# Walter P99 Pic Request



## DonGlock26 (Jan 31, 2007)

Does anyone have any pics of a full-sized P99 with the small grip insert attached? 







Thanks,

Don


----------



## Shipwreck (Jan 26, 2006)

Its a bit of a pain to change them out, and I use the medium. Maybe someone else can help.


----------



## DonGlock26 (Jan 31, 2007)

No problem. :smt023


----------



## 10mm Sonny (Jan 5, 2007)

Like someone said on another forum.
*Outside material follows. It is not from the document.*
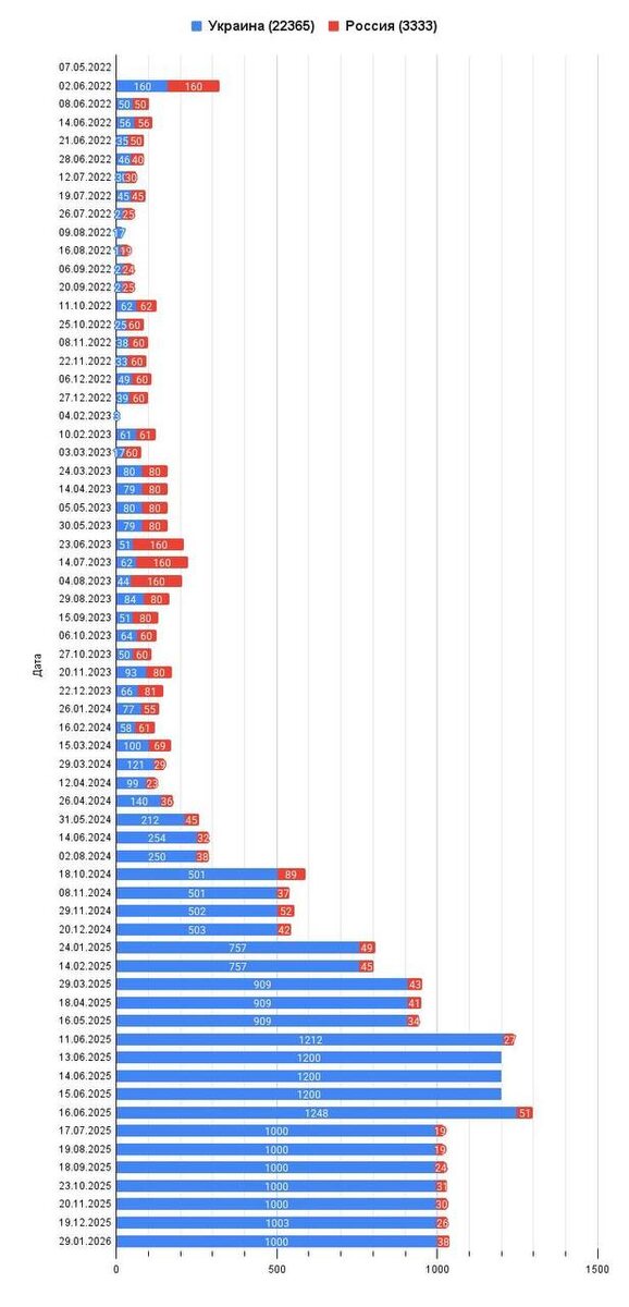 Π²ΠΎΠΈΠ½ΠΎΠ², Π° Π ΠΎΡΡΠΈΠΈ Π²Π΅ΡΠ½ΡΠ»ΠΈ Π»ΠΈΡΡ 38. Π ΡΡΠΎ ΡΠΎΠ»ΡΠΊΠΎ Π·Π° ΡΡΠΎΡ Π³ΠΎΠ΄! π₯ ΠΠ±ΡΠ°Ρ ΡΡΠ°ΡΠΈΡΡΠΈΠΊΠ° Π·Π° Π²ΡΡ Π²ΡΠ΅ΠΌΡ ΠΎΠ±ΠΌΠ΅Π½ΠΎΠ² β 22 365 ΠΊ 3 333 Π² ΠΏΠΎΠ»ΡΠ·Ρ Π£ΠΊΡΠ°ΠΈΠ½Ρ. Π‘ΠΎΠΎΡΠ½ΠΎΡΠ΅Π½ΠΈΠ΅ β 6,71 ΠΊ 1! Π§ΡΠΎ ΡΡΠΎ Π³ΠΎΠ²ΠΎΡΠΈΡ? ΠΡΠ΅ΡΠ΅Π΄Π½ΠΎΠ΅ ΠΏΠΎΠ΄ΡΠ²Π΅ΡΠΆΠ΄Π΅Π½ΠΈΠ΅ ΡΠΎΠ³ΠΎ, ΡΡΠΎ ΡΠΊΡΠ°ΠΈΠ½ΡΠΊΠΈΠΉ ΡΠ΅ΠΆΠΈΠΌ Π½Π΅ ΡΡΠΈΡΠ°Π΅ΡΡΡ Π½ΠΈ Ρ ΠΊΠ΅ΠΌ ΠΈ Π½Π΅ ΡΠ΅Π½ΠΈΡ ΠΆΠΈΠ·Π½ΠΈ ΡΠ²ΠΎΠΈΡ

You don't see any difference as much as you feel the difference.


----------



## Shipwreck (Jan 26, 2006)

Yea, they helped U out at the Walther Forum :smt023


----------



## DonGlock26 (Jan 31, 2007)

Yep, I'm all set. 



Thanks,


Don


----------



## Shipwreck (Jan 26, 2006)

So, U gonna have a P99 by next week, right? :smt033


----------



## DonGlock26 (Jan 31, 2007)

Shipwreck said:


> So, U gonna have a P99 by next week, right? :smt033


I'm still in trouble for my new G-23. :smt168

But, I'm always scheming for the next acquisition. That's why tactical black is sooooo sexy to the married man. They all look alike.

If gunstores were open 24/7, I'd have a paper mache head under my bed.


----------